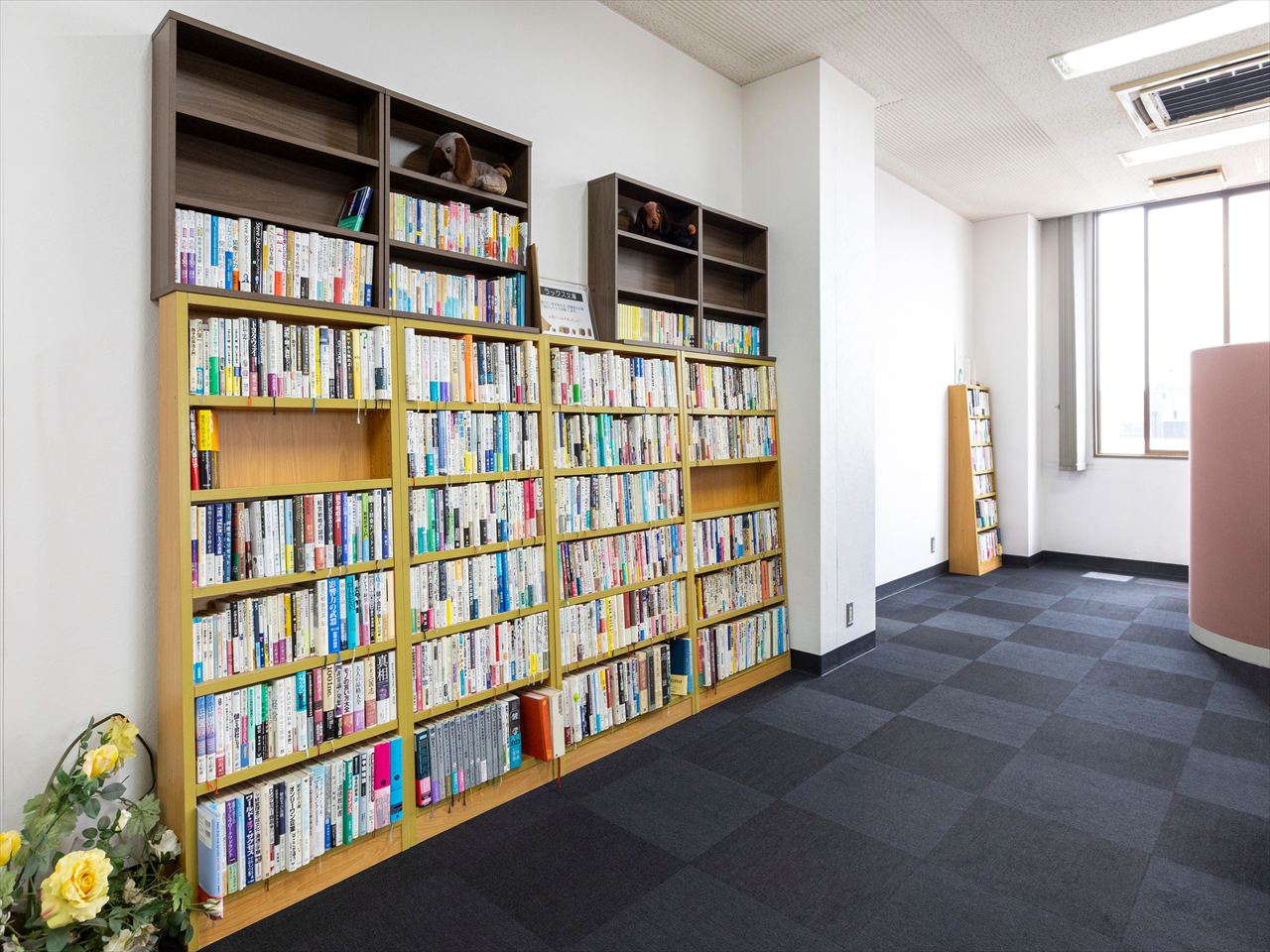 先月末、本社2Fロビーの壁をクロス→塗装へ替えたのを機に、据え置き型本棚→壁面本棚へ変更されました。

---

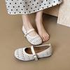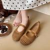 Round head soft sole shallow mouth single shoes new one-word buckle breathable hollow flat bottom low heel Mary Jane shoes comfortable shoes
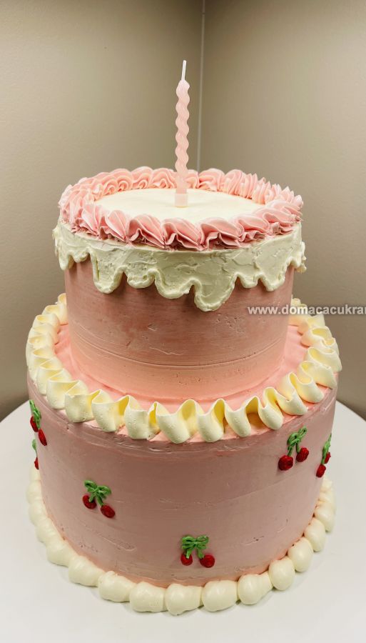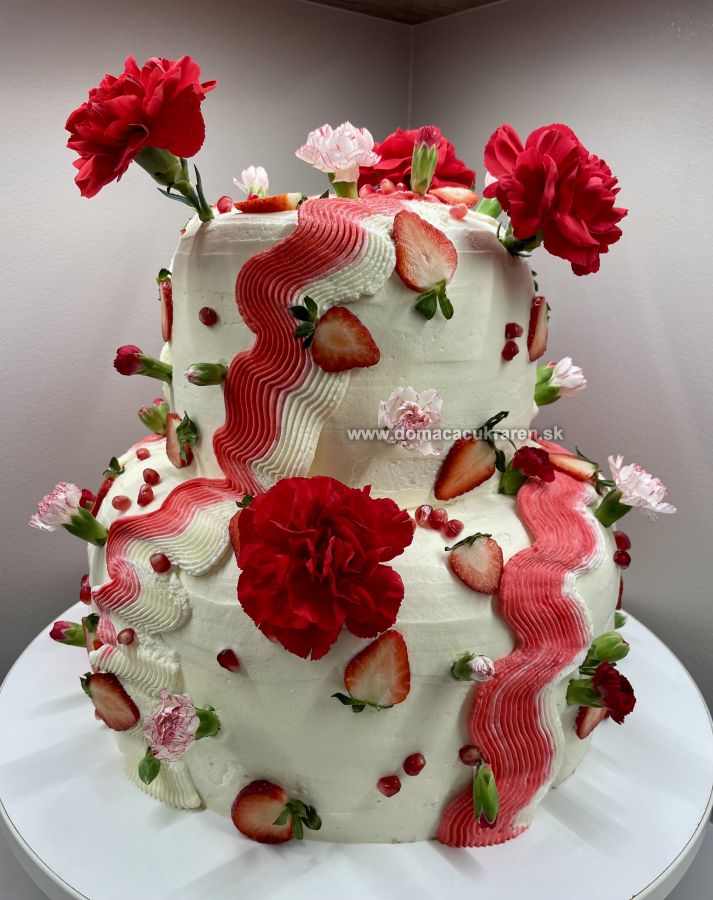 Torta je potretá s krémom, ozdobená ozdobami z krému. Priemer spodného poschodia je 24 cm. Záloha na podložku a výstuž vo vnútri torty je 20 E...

How to complete this task: In the records above, everything from the line with "Round head soft" down to the line with "Torta je potretá" is to be set down exactly, both ends included, with no pictures and no other lines.

Answer:
 Round head soft sole shallow mouth single shoes new one-word buckle breathable hollow flat bottom low heel Mary Jane shoes comfortable shoes
 Torta je potretá s krémom, ozdobená ozdobami z krému. Priemer spodného poschodia je 24 cm. Záloha na podložku a výstuž vo vnútri torty je 20 E...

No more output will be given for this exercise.